■ **AIM OF THE EXERCISE**
Make a verbatim copy of the entries below; pictures stay out.

(Source data)
---*---

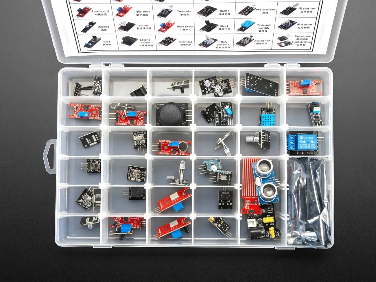 Build smarter electronics projects with this 45-in-1 Sensor Module Kit featuring motion, temperature, humidity, sound, light, magnetic, distance, and control modules in one organized set.
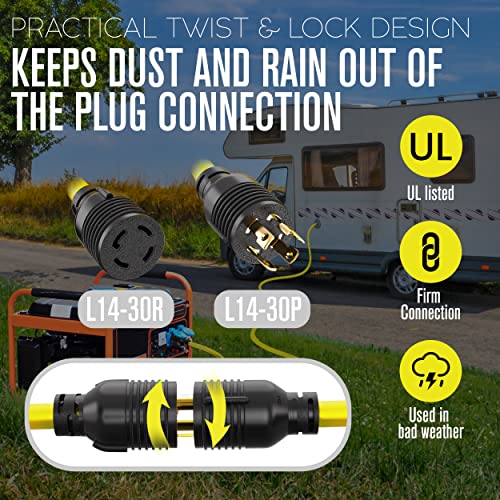 Specification: Houseables 30 Amp Generator Cord 4 Prong, Extension Generator Cable, 10 FT, 125-250v, 7500 Watt Max Rating, UL CUL, NEMA L-14-30P, Rubber, 10 Gauge, Heavy Duty, L14-30, Transfer, Twist Lock Power Cord
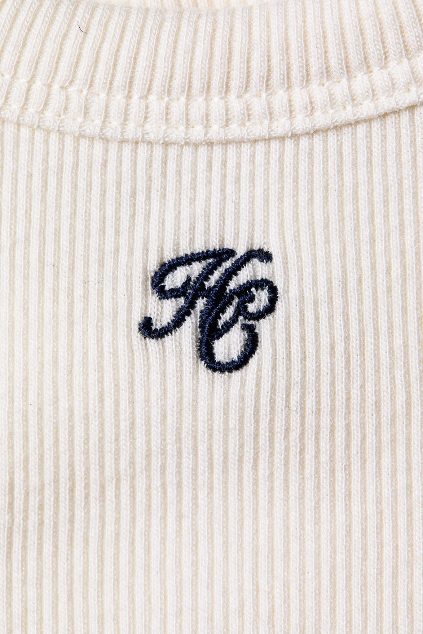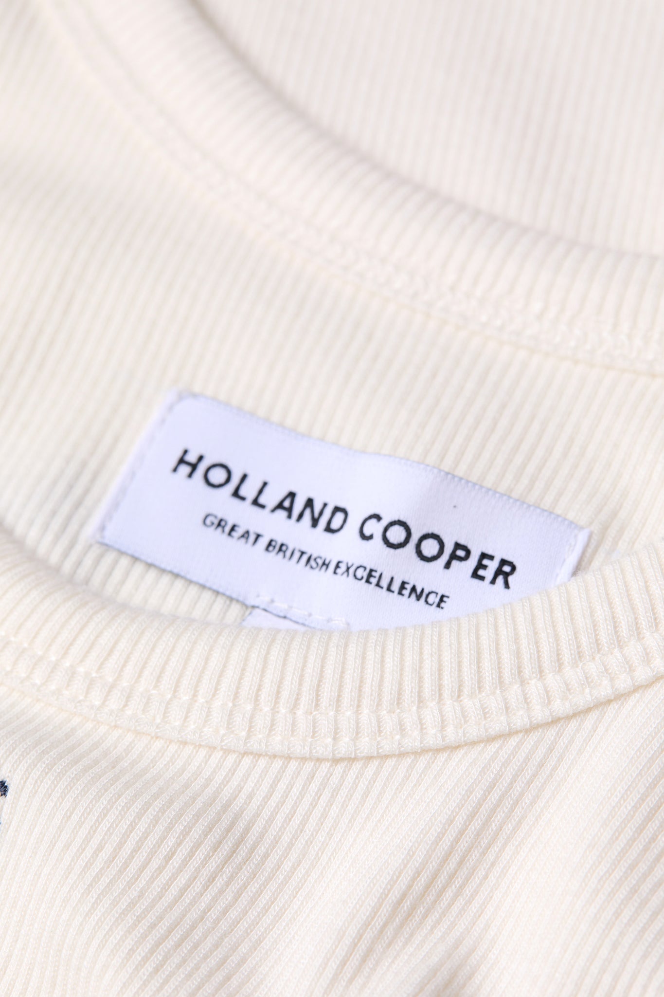 Elevate your essentials with our Rebecca Rib Tank in timeless Natural. This refined staple features our signature HC embroidery at the neckline, lending a subtle touch of luxury to its classic silhouette. Expertly tailored for a sleek, slim fit, the premium cotton-elastane blend ensures both comfort and sophistication. A versatile foundation piece that epitomises understated British elegance.
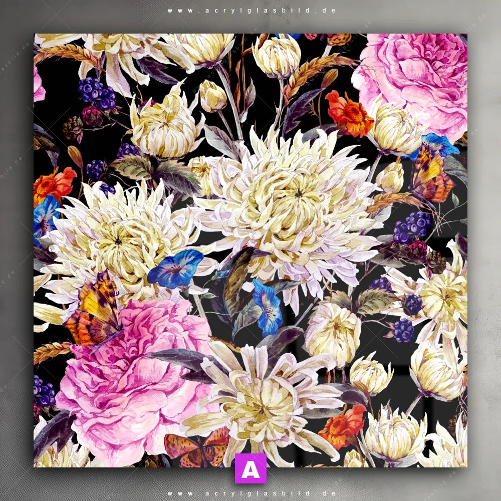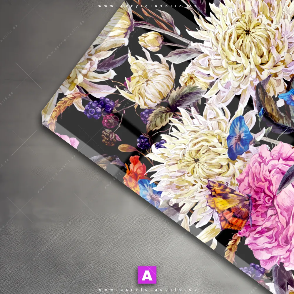 Das Motiv Aquarell von wilden Blumen wird im UV-Direktdruck in den Farben Weiss, Schwarz, Blau, Lila, Orange, Rot, Rosa auf die Rückseite einer 5mm starken, transparenten Acrylglasplatte gedruckt. Das durchscheinende Motiv Blütenvielfalt im Floral, Retro - Vintage Stil wird anschließend vollflächig mit einer weißen Schicht hinterlegt. Das Blumen - Botanik Acrylglasbild | Quadrat erhält so eine bemerkenswerte Farbbrillanz, hohe Schärfe und erstaunliche Tiefenwirkung.
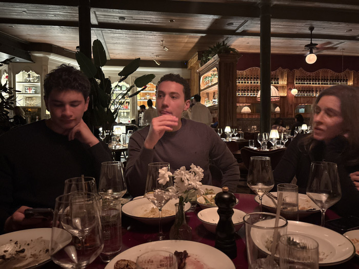 Three individuals sit at a table in a dimly lit restaurant. Plates of food, glasses, and a pepper grinder are scattered across the red-clothed table. The man on the left has dark hair and is looking down, possibly at his phone. The man in the middle is looking off to the side and gesturing with his hand. The woman on the right is facing towards the center, with her mouth open as if speaking. The restaurant's decor includes dark wooden features, shelves of bottles, and decorative plants.
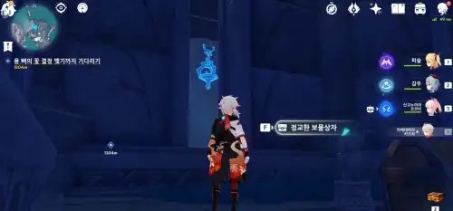 스크린 샷 위치 벽 만지기 해서 문양 활성화 해야함. 문양판 가서 스크린 샷 순서대로 들어가면 가디언 3마리 전투 후 상자 |
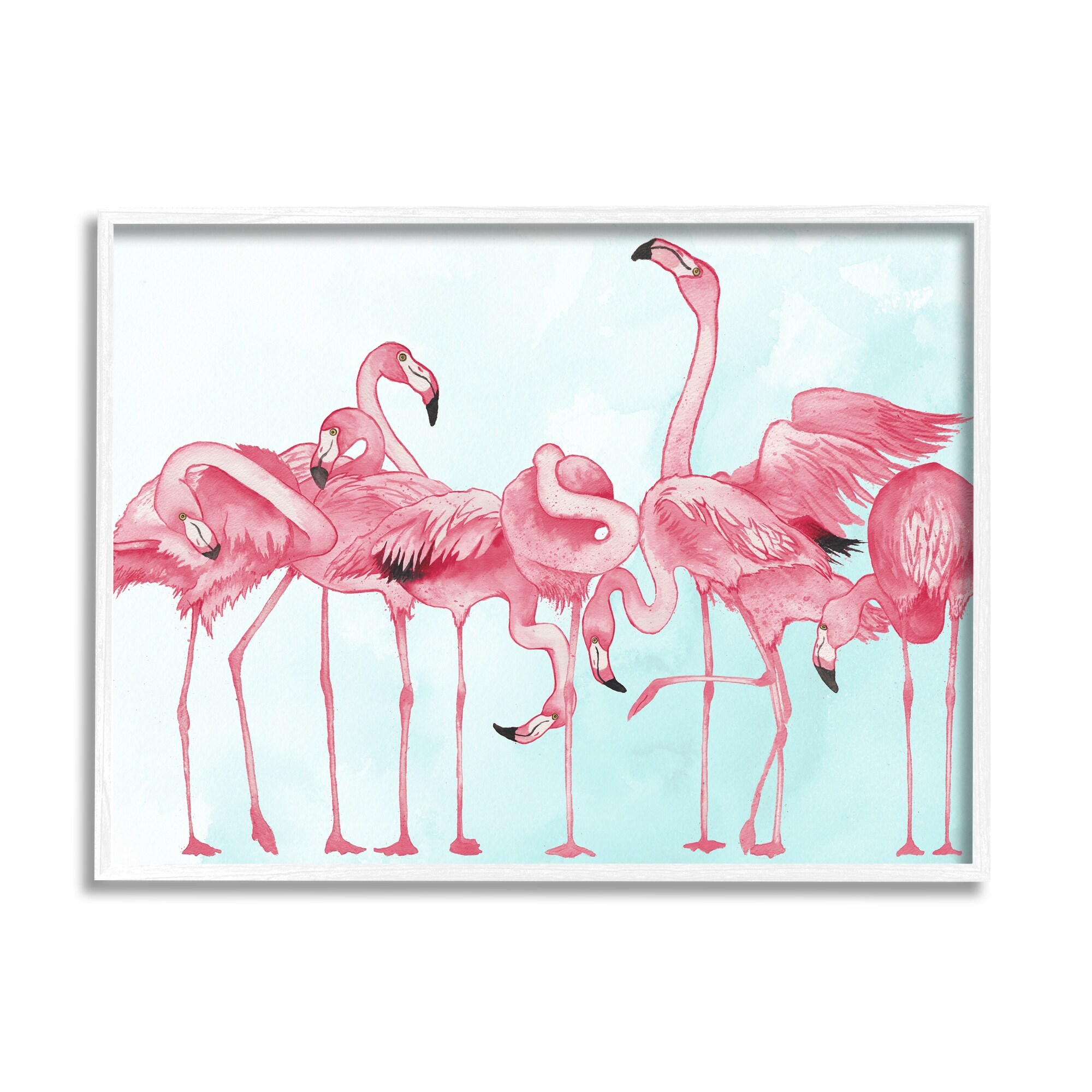 Stupell Industries Bold Pink Flamingo Flock Framed Giclee Art by Elizabeth Medley
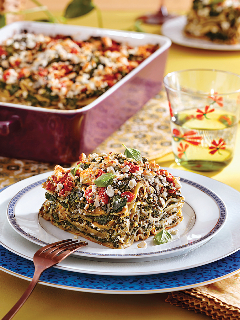 - Προσθέτουμε τις ντομάτες και πασπαλίζουμε με τα τρίμματα φέτας. Ραντίζουμε την επιφάνεια με ελάχιστο ελαιόλαδο και ψήνουμε σε προθερμασμένο φούρνο, στους 180°C, για 40 λεπτά. Αφήνουμε τα λαζάνια να σταθούν για 10 λεπτά εκτός φούρνου πριν τα κόψουμε σε κομμάτια και τα σερβίρουμε όσο είναι ζεστά.
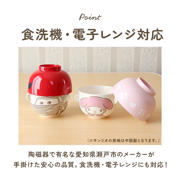 | 商品説明 | お子様も大人も夢中になる、人気キャラクター達の汁椀茶碗セットが登場♪【人気キャラクターの世界観】人気キャラクターの世界観が広がるデザインとカラーでお食事タイムがもっと楽しく♪【お子様も持ちやすい】小さめサイズでお子様も持ちやすい。さらに深めの設計なのでお茶碗にはおかずやスープを入れても★【品質と安心】陶磁器で有名な愛知県瀬戸市のメーカーが手掛けた安心の品質。食洗器・電子レンジにも対応しているのも嬉しいポイント。(※サンリオの茶碗は中国製となります。)【機能とデザインの融合】収納もスペースを取らず、お茶碗と汁椀、二つを重ねるとどんぐりのような形でとってもキュート♪【ギフトにも最適】お子様の成長を祝うギフトや、キャラクター好きの友人へのプレゼントにも最適。 |

---*---

■ **RESULT BELOW**
 Build smarter electronics projects with this 45-in-1 Sensor Module Kit featuring motion, temperature, humidity, sound, light, magnetic, distance, and control modules in one organized set.
 Specification: Houseables 30 Amp Generator Cord 4 Prong, Extension Generator Cable, 10 FT, 125-250v, 7500 Watt Max Rating, UL CUL, NEMA L-14-30P, Rubber, 10 Gauge, Heavy Duty, L14-30, Transfer, Twist Lock Power Cord
 Elevate your essentials with our Rebecca Rib Tank in timeless Natural. This refined staple features our signature HC embroidery at the neckline, lending a subtle touch of luxury to its classic silhouette. Expertly tailored for a sleek, slim fit, the premium cotton-elastane blend ensures both comfort and sophistication. A versatile foundation piece that epitomises understated British elegance.
 Das Motiv Aquarell von wilden Blumen wird im UV-Direktdruck in den Farben Weiss, Schwarz, Blau, Lila, Orange, Rot, Rosa auf die Rückseite einer 5mm starken, transparenten Acrylglasplatte gedruckt. Das durchscheinende Motiv Blütenvielfalt im Floral, Retro - Vintage Stil wird anschließend vollflächig mit einer weißen Schicht hinterlegt. Das Blumen - Botanik Acrylglasbild | Quadrat erhält so eine bemerkenswerte Farbbrillanz, hohe Schärfe und erstaunliche Tiefenwirkung.
 Three individuals sit at a table in a dimly lit restaurant. Plates of food, glasses, and a pepper grinder are scattered across the red-clothed table. The man on the left has dark hair and is looking down, possibly at his phone. The man in the middle is looking off to the side and gesturing with his hand. The woman on the right is facing towards the center, with her mouth open as if speaking. The restaurant's decor includes dark wooden features, shelves of bottles, and decorative plants.
 스크린 샷 위치 벽 만지기 해서 문양 활성화 해야함. 문양판 가서 스크린 샷 순서대로 들어가면 가디언 3마리 전투 후 상자 |
 Stupell Industries Bold Pink Flamingo Flock Framed Giclee Art by Elizabeth Medley
 - Προσθέτουμε τις ντομάτες και πασπαλίζουμε με τα τρίμματα φέτας. Ραντίζουμε την επιφάνεια με ελάχιστο ελαιόλαδο και ψήνουμε σε προθερμασμένο φούρνο, στους 180°C, για 40 λεπτά. Αφήνουμε τα λαζάνια να σταθούν για 10 λεπτά εκτός φούρνου πριν τα κόψουμε σε κομμάτια και τα σερβίρουμε όσο είναι ζεστά.
 | 商品説明 | お子様も大人も夢中になる、人気キャラクター達の汁椀茶碗セットが登場♪【人気キャラクターの世界観】人気キャラクターの世界観が広がるデザインとカラーでお食事タイムがもっと楽しく♪【お子様も持ちやすい】小さめサイズでお子様も持ちやすい。さらに深めの設計なのでお茶碗にはおかずやスープを入れても★【品質と安心】陶磁器で有名な愛知県瀬戸市のメーカーが手掛けた安心の品質。食洗器・電子レンジにも対応しているのも嬉しいポイント。(※サンリオの茶碗は中国製となります。)【機能とデザインの融合】収納もスペースを取らず、お茶碗と汁椀、二つを重ねるとどんぐりのような形でとってもキュート♪【ギフトにも最適】お子様の成長を祝うギフトや、キャラクター好きの友人へのプレゼントにも最適。 |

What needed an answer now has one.